(Items from a dataset)

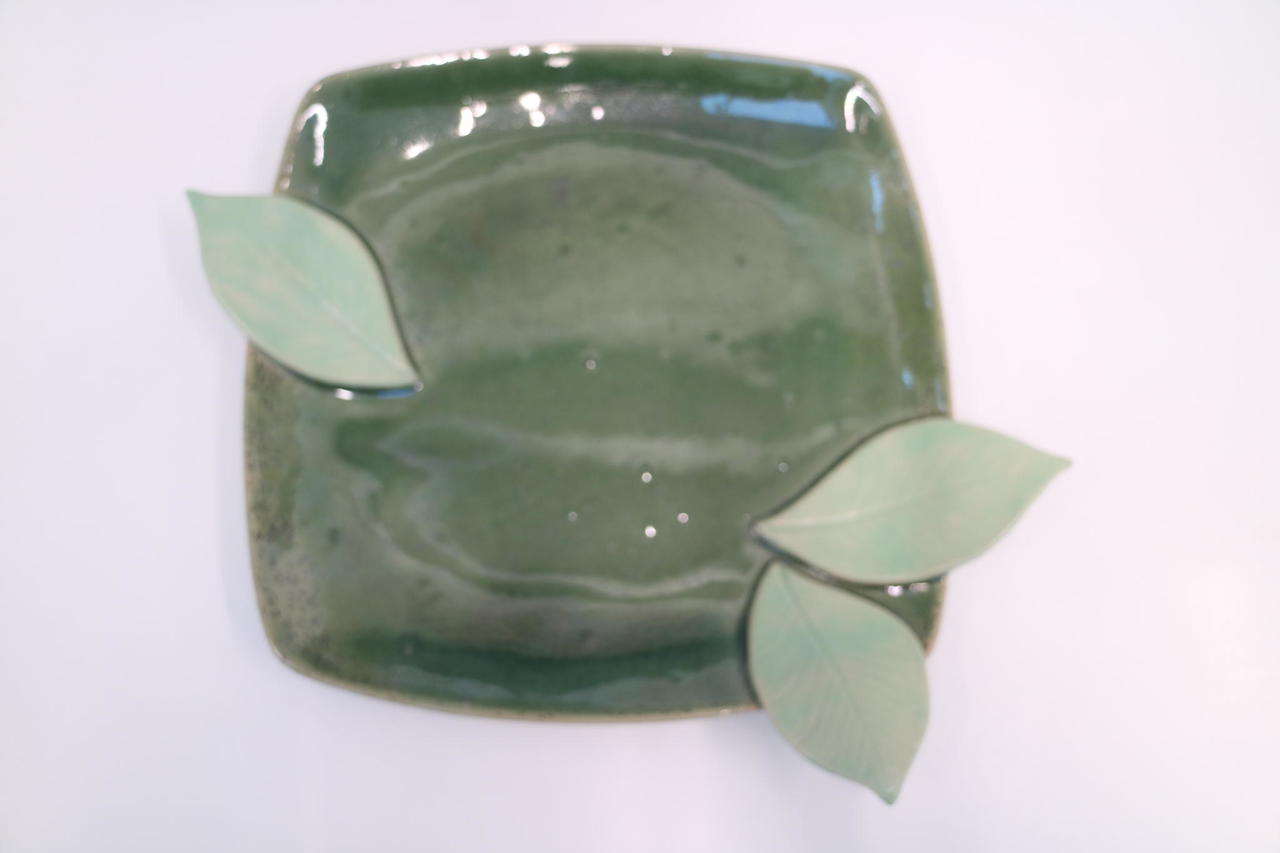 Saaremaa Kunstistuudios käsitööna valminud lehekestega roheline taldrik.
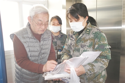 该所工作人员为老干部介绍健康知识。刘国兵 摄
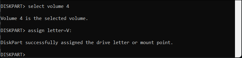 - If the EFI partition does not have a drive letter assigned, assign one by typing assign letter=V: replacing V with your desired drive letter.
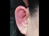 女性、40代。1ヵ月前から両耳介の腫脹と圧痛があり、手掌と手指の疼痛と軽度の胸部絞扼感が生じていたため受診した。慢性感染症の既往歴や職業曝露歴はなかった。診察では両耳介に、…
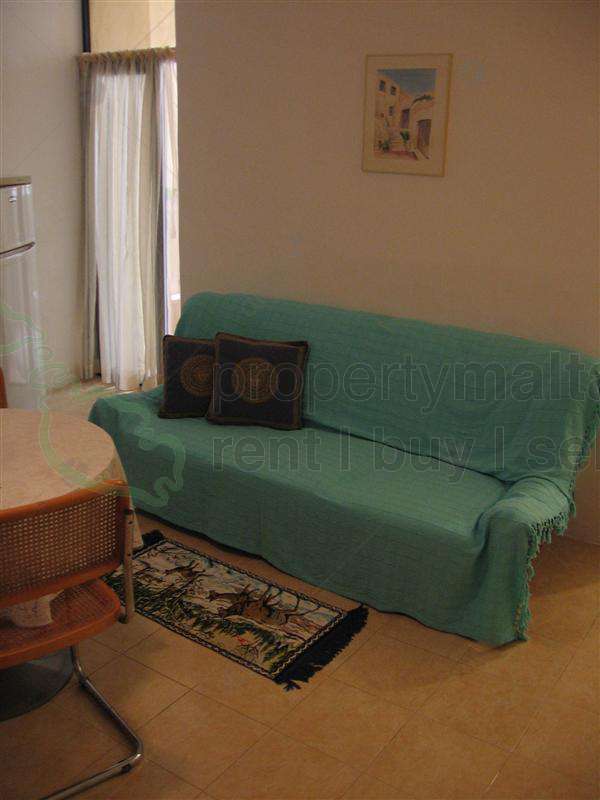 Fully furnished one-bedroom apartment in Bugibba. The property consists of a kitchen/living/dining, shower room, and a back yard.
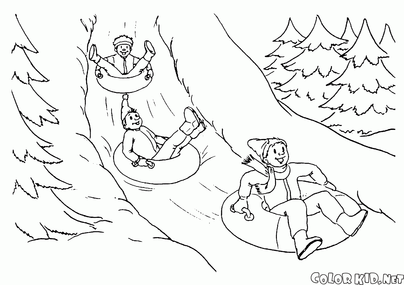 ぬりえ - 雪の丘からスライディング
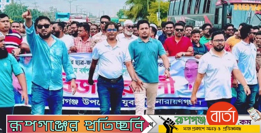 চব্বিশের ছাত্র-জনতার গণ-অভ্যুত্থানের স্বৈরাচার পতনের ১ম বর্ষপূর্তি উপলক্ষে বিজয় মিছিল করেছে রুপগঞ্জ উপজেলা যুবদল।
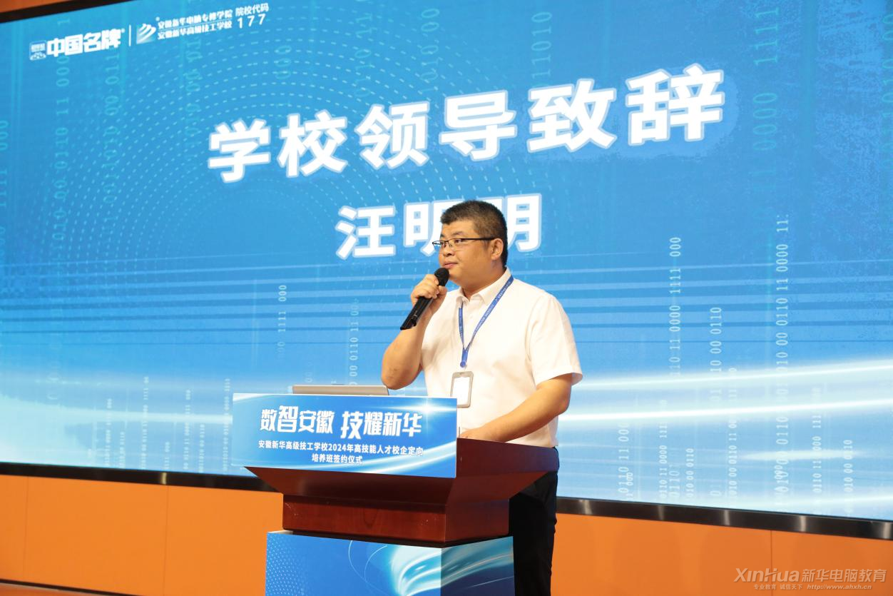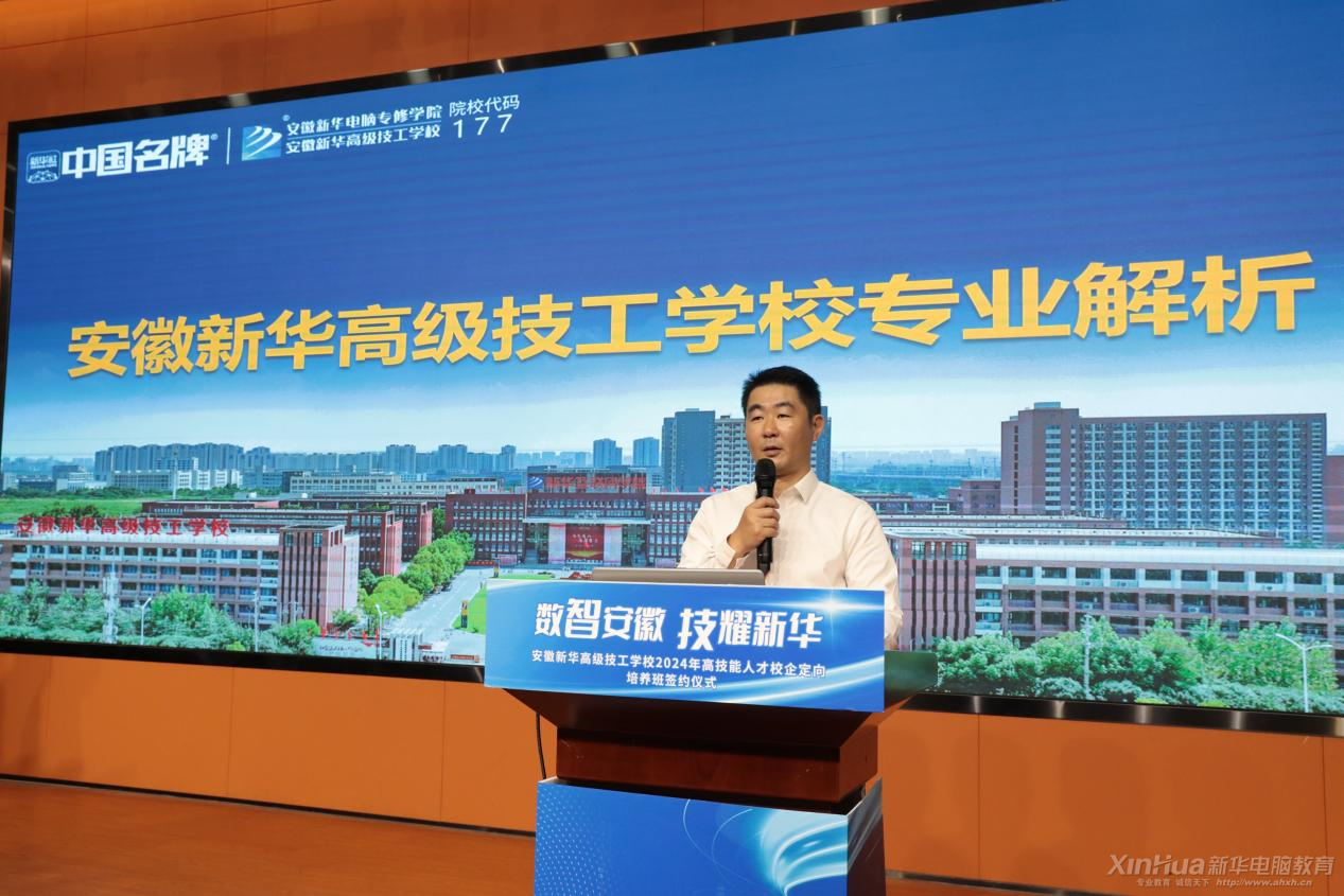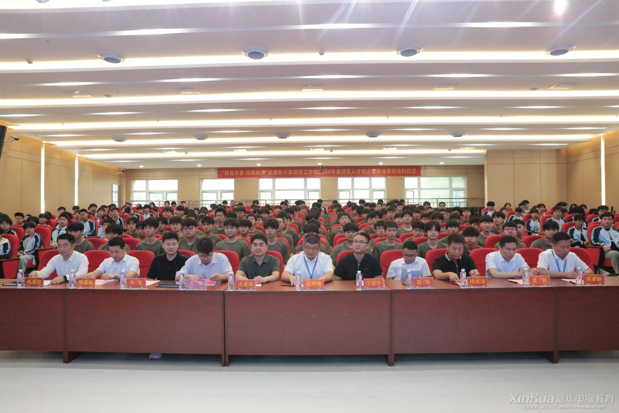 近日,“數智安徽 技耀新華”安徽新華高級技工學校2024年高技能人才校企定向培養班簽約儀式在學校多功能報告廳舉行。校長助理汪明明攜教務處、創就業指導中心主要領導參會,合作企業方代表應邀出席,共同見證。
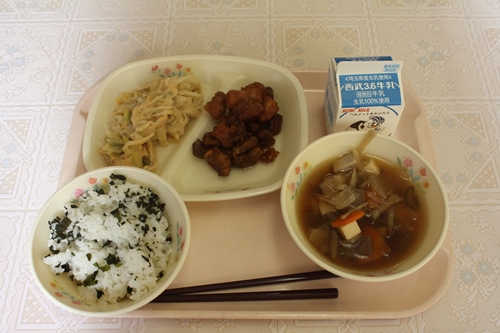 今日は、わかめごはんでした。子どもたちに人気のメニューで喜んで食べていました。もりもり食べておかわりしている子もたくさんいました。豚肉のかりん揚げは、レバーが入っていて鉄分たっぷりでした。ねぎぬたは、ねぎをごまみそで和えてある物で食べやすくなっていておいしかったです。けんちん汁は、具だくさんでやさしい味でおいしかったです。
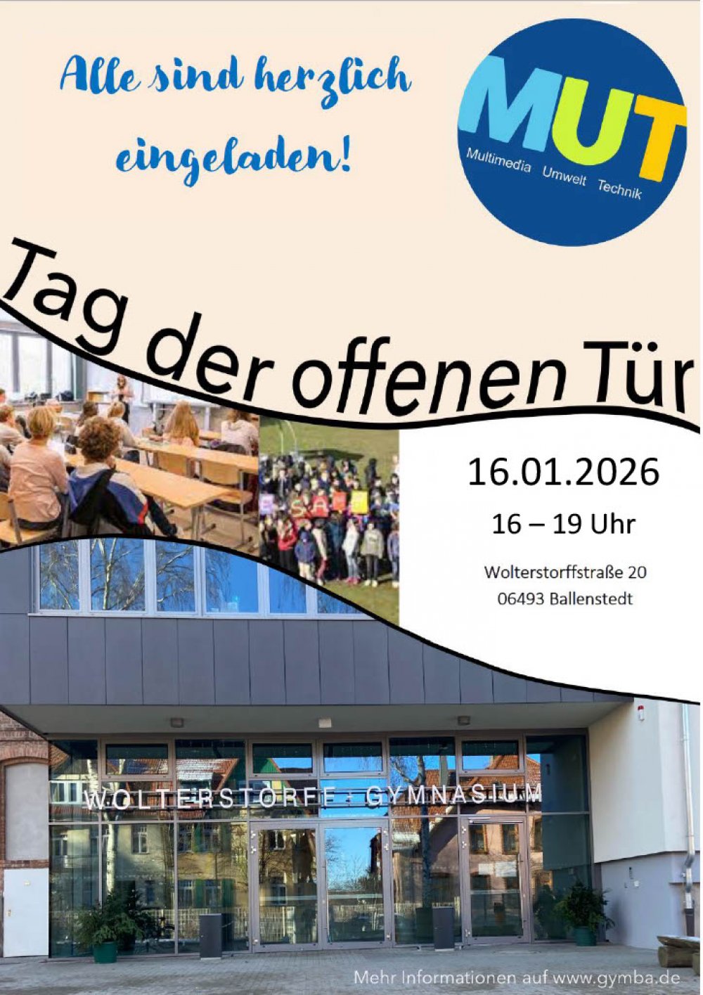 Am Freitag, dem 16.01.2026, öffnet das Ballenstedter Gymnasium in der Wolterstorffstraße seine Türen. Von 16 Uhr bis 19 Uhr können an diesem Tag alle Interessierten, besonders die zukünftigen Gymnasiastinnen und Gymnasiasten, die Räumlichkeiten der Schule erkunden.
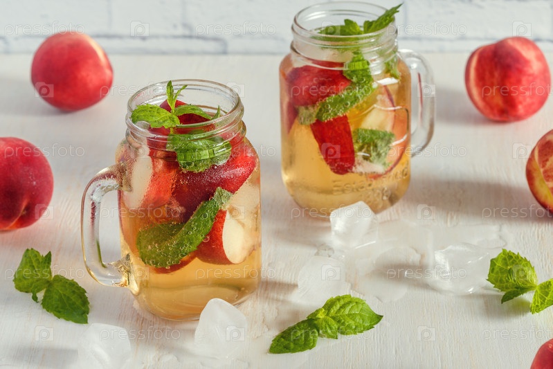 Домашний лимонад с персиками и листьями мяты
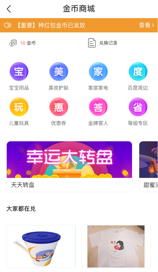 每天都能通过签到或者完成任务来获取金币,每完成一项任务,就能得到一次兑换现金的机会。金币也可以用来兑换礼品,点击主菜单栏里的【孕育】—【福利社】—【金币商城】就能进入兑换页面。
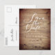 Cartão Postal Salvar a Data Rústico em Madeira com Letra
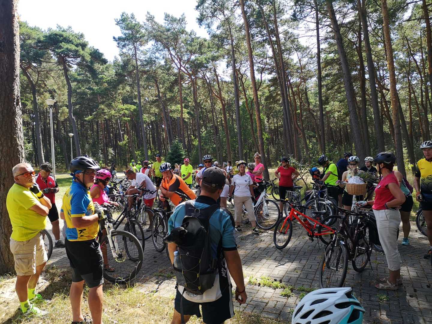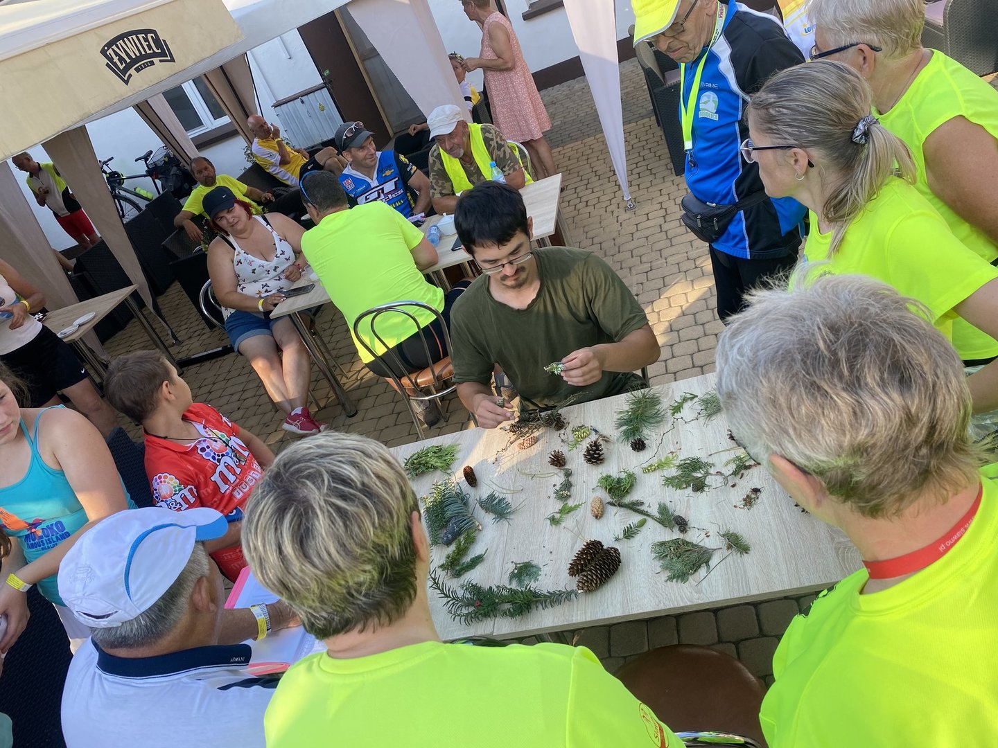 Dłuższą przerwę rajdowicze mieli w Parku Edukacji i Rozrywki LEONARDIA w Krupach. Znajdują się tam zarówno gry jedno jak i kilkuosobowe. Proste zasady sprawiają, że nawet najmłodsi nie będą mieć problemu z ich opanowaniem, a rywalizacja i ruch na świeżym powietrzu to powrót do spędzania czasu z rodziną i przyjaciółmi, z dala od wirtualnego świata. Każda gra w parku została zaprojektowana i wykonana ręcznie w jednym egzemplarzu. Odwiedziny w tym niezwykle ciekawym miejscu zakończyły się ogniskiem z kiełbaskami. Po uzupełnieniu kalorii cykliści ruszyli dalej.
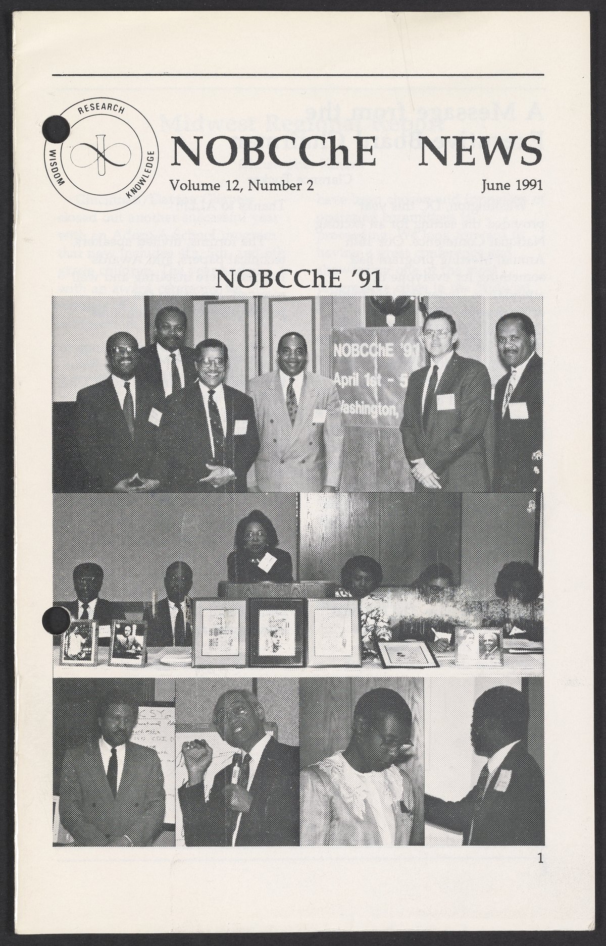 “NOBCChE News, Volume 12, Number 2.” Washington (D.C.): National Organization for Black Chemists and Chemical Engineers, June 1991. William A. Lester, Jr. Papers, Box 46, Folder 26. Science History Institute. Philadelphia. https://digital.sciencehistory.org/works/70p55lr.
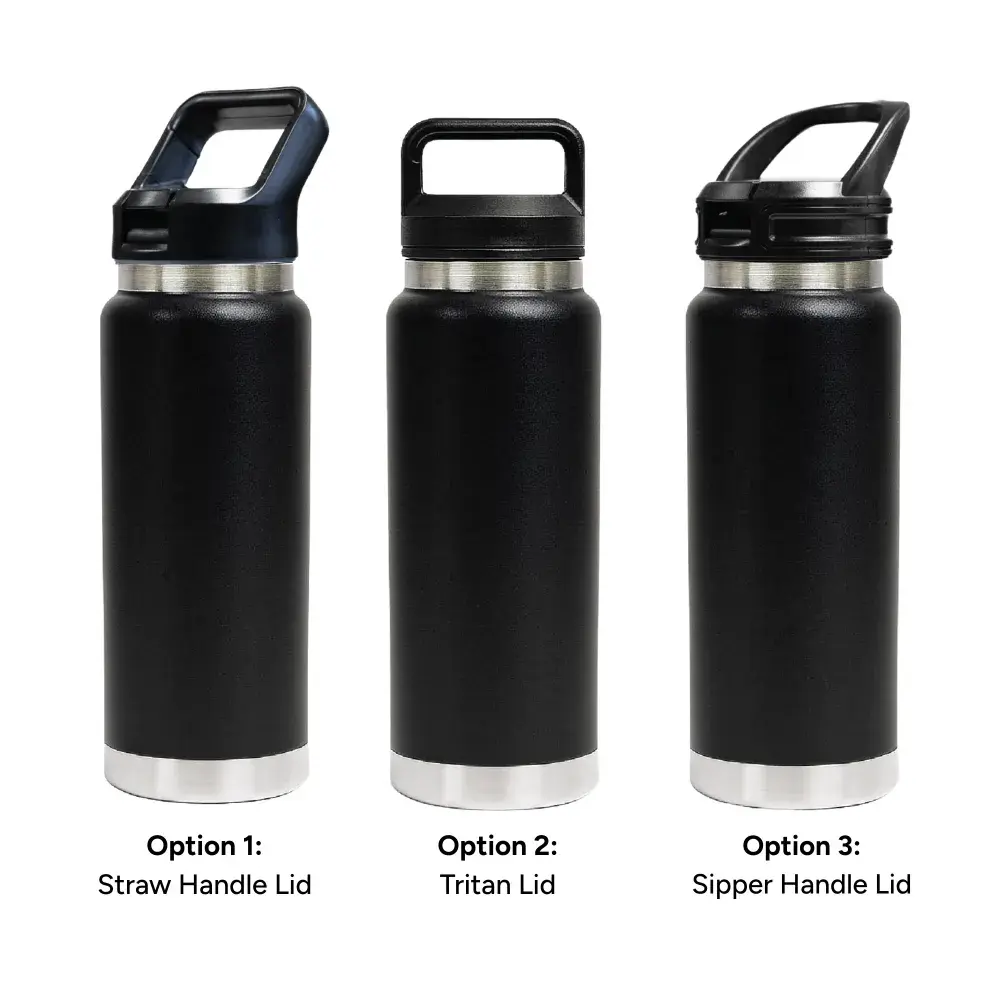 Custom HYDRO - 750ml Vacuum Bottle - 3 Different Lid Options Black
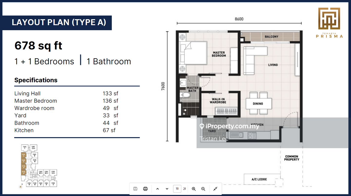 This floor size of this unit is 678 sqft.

# AIM OF THE TASK
In the records above, find the line containing "Домашний лимонад с персиками и листьями мяты" and the line containing "Cartão Postal Salvar", then give both of them again word for word along with every line between. Omit any pictures.

# RESPONSE BOX
 Домашний лимонад с персиками и листьями мяты
 每天都能通过签到或者完成任务来获取金币,每完成一项任务,就能得到一次兑换现金的机会。金币也可以用来兑换礼品,点击主菜单栏里的【孕育】—【福利社】—【金币商城】就能进入兑换页面。
 Cartão Postal Salvar a Data Rústico em Madeira com Letra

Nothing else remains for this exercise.